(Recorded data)
▶
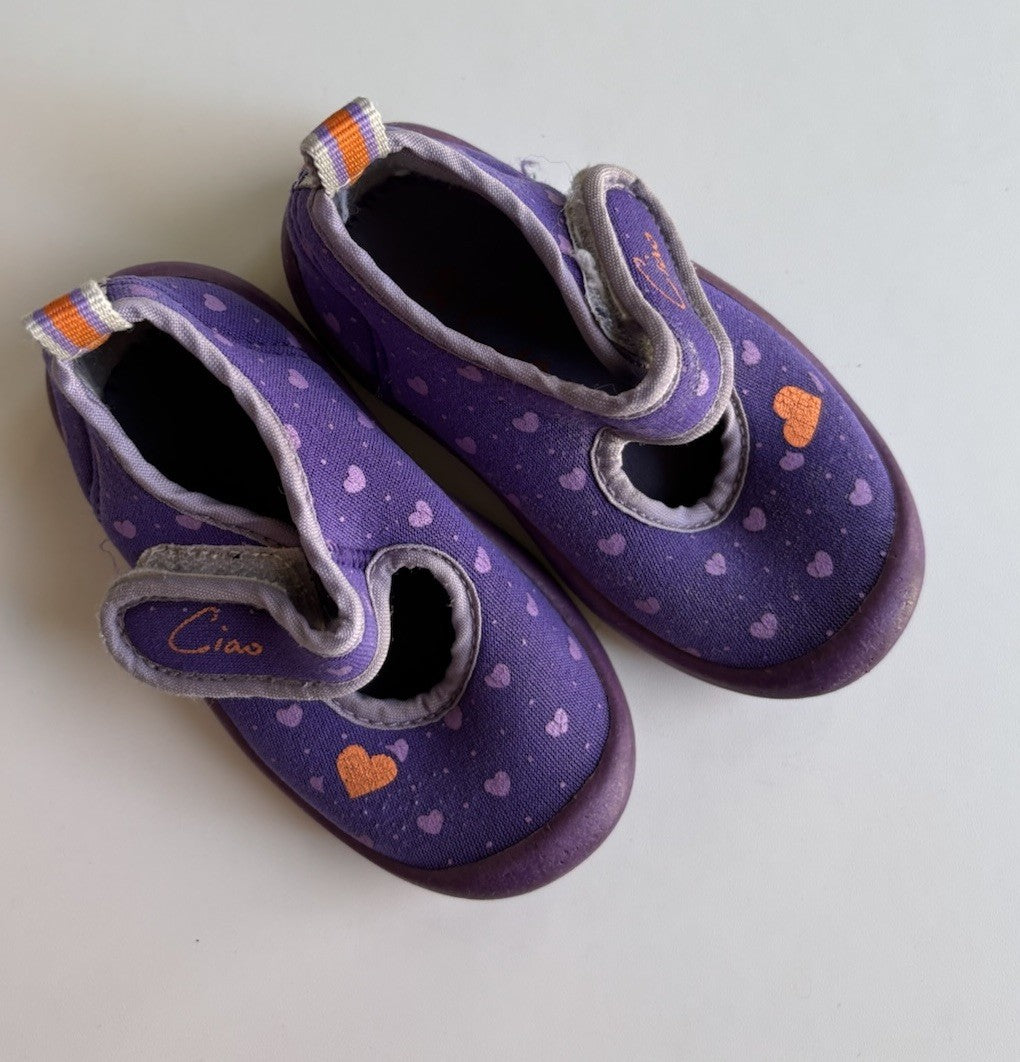 Ciao kids girls toddler size EUR 20 purple hearts neoprene shoes, VGUC
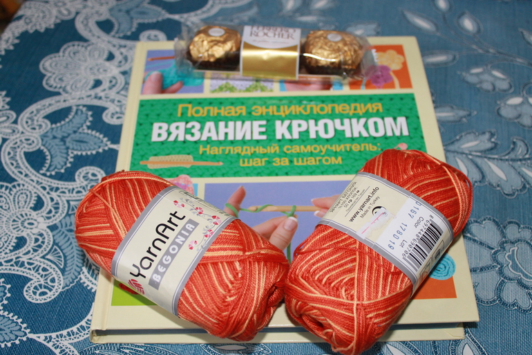 Замечательный слоник - оранжевая пряжа хлопок, энциклопедия по вязанию крючком - у меня никогда не было такой книги и мои любимые конфетки ))) Спасибо Наталье)))
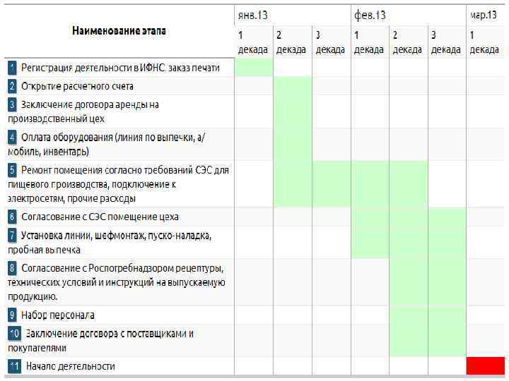 • Каналы реализации продукции • Основной канал сбыта: небольшие розничные магазины, расположенные в г. «N» и близлежащих населенных пунктах. Реализация через сетевые (региональные и федеральные) продуктовые магазины в 2013 г. не планируется. • План реализации проекта • Календарный план • Согласно календарного плана, срок запуска компании составляет 2 месяца. Все этапы, связанные с открытием деятельности находятся в зоне ответственности собственника бизнеса.
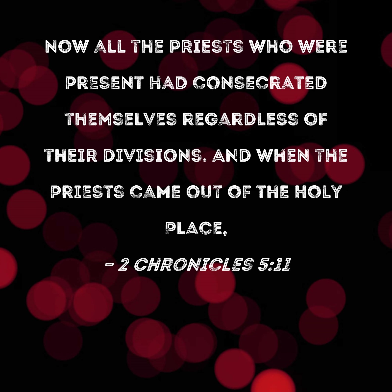 2 Chronicles 5:11 Now all the priests who were present had consecrated themselves regardless of their divisions. And when the priests came out of the Holy Place,
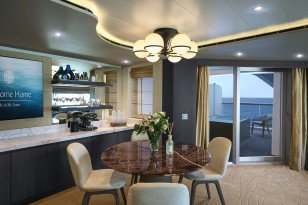 Our Cocoon Residences are amongst the most spacious of our Ocean Residences, featuring oversized floor-to-ceiling windows leading onto the expansive panoramic terrace on the ship's coveted aft deck. Here, guests can drink in the spectacular views from their private whirlpool, relax in sun beds or the comfortable outdoor lounge designed by Molteni & C, or enjoy dinner overlooking the ocean.
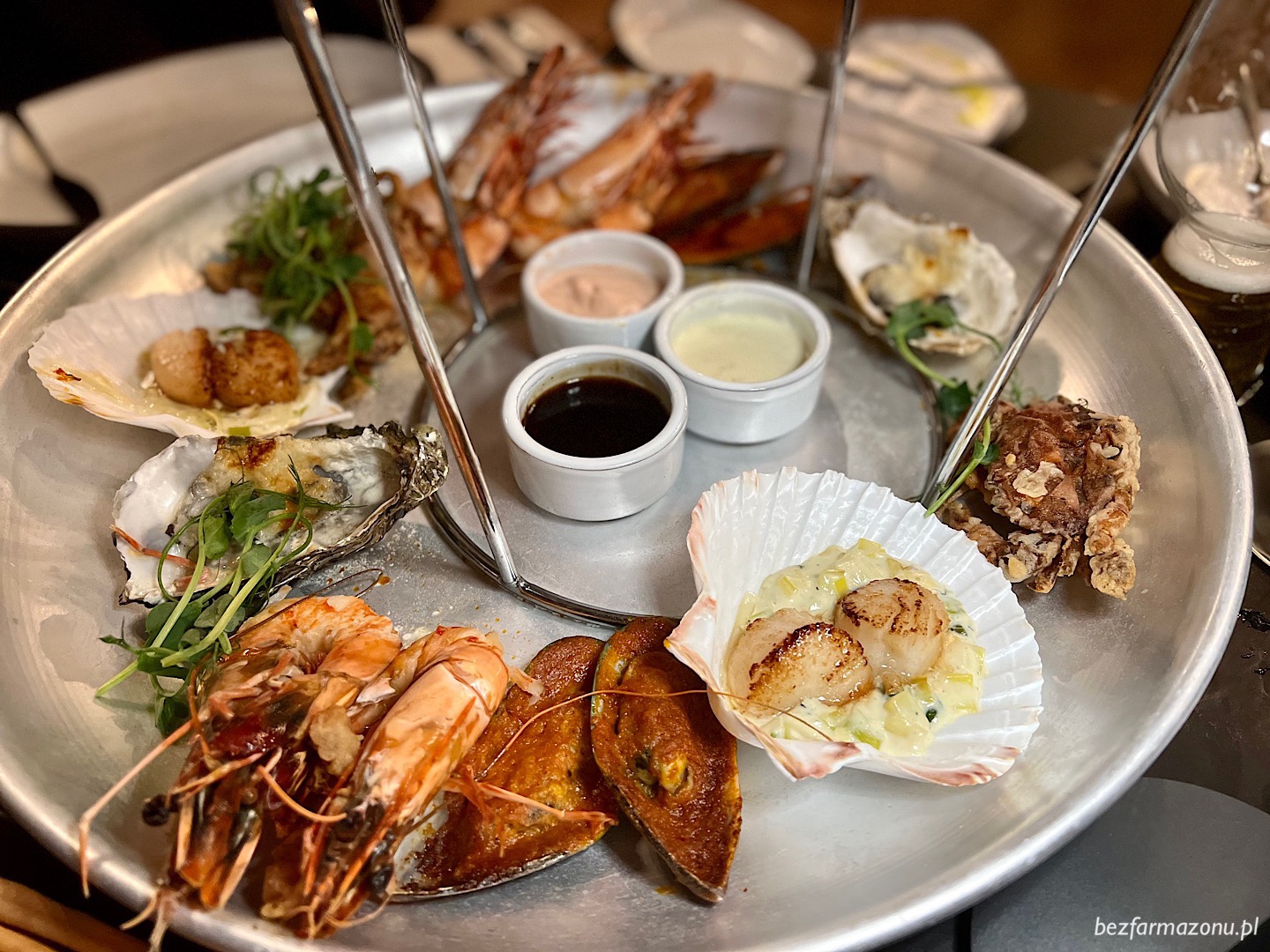 Pokład dolny to defilada przystawek ciepłych: małże nowozelandzkie, krewetki królewskie, muszle św. Jakuba, małe kraby i zapiekane ostrygi. Do owoców morza podano trzy, oczywiście przygotowywane od zera w restauracji sosy: różowy, tajski i teriyaki.
◀
Set down exactly and only the lines from the start of the entries above through the line containing "Замечательный слоник - оранжевая", both ends included, omitting the pictures.

Answer:
 Ciao kids girls toddler size EUR 20 purple hearts neoprene shoes, VGUC
 Замечательный слоник - оранжевая пряжа хлопок, энциклопедия по вязанию крючком - у меня никогда не было такой книги и мои любимые конфетки ))) Спасибо Наталье)))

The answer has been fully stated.